[Data segment Boundary: Start]

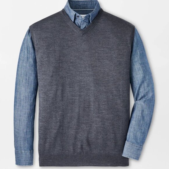 Peter Millar Charcoal Gray Autumn Crest V-Neck Sweater Vest ME0S00 NWOT M
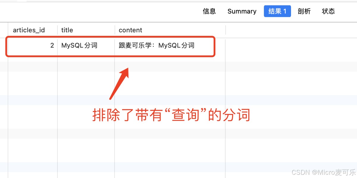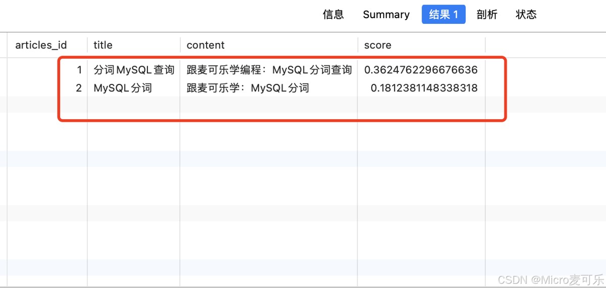 CREATE TABLE `articles` ( `articles_id` int NOT NULL AUTO_INCREMENT COMMENT '文章ID', `title` varchar(255) DEFAULT NULL COMMENT '文章标题', `content` text COMMENT '文章内容', PRIMARY KEY (`articles_id`) ) ENGINE=InnoDB AUTO_INCREMENT=3 DEFAULT CHARSET=utf8mb4 COLLATE=utf8mb4_0900_ai_ci; INSERT INTO `articles` (`articles_id`, `title`, `content`) VALUES (1, '分词MySQL查询', '跟麦可乐学编程:MySQL分词查询'); INSERT INTO `articles` (`articles_id`, `title`, `content`) VALUES (2, 'MySQL分词', '跟麦可乐学:MySQL分词');
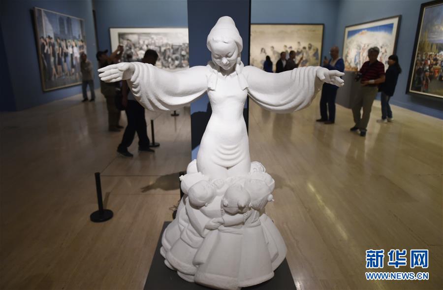 9月26日,观众在中国美术馆参观展出作品。 当日,“伟大历程 壮丽画卷——庆祝中华人民共和国成立70周年美术作品展”在北京中国美术馆开幕。展览以中国美术馆的馆藏作品为主,同时汇集国内20余个重要美术馆的经典藏品,共展出国画、油画、雕塑等480余件作品。 新华社记者 鲁鹏 摄
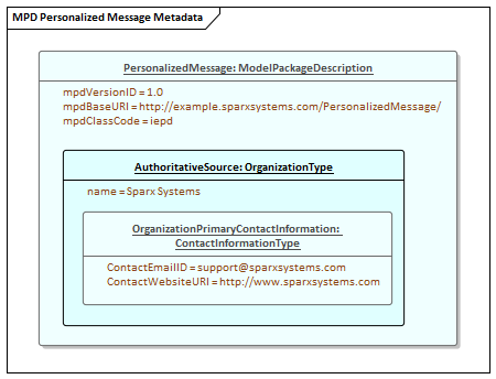 Previously, the framework Packages that are required for NIEM modeling were described. The Model Wizard also provides a Package that acts as a convenient starting point for defining your MPD. When this is imported to your model you will find a diagram containing instances of the MPD types, with the run-state set to show the core properties that you are most likely to need to set.

[Data segment Boundary: End]

Only lines belong in the copy: transcribe those from the start of the data through the line that contains "(2, 'MySQL分词', '跟麦可乐学:MySQL分词');", and skip the pictures.

- **Exercise solution**
 Peter Millar Charcoal Gray Autumn Crest V-Neck Sweater Vest ME0S00 NWOT M
 CREATE TABLE `articles` ( `articles_id` int NOT NULL AUTO_INCREMENT COMMENT '文章ID', `title` varchar(255) DEFAULT NULL COMMENT '文章标题', `content` text COMMENT '文章内容', PRIMARY KEY (`articles_id`) ) ENGINE=InnoDB AUTO_INCREMENT=3 DEFAULT CHARSET=utf8mb4 COLLATE=utf8mb4_0900_ai_ci; INSERT INTO `articles` (`articles_id`, `title`, `content`) VALUES (1, '分词MySQL查询', '跟麦可乐学编程:MySQL分词查询'); INSERT INTO `articles` (`articles_id`, `title`, `content`) VALUES (2, 'MySQL分词', '跟麦可乐学:MySQL分词');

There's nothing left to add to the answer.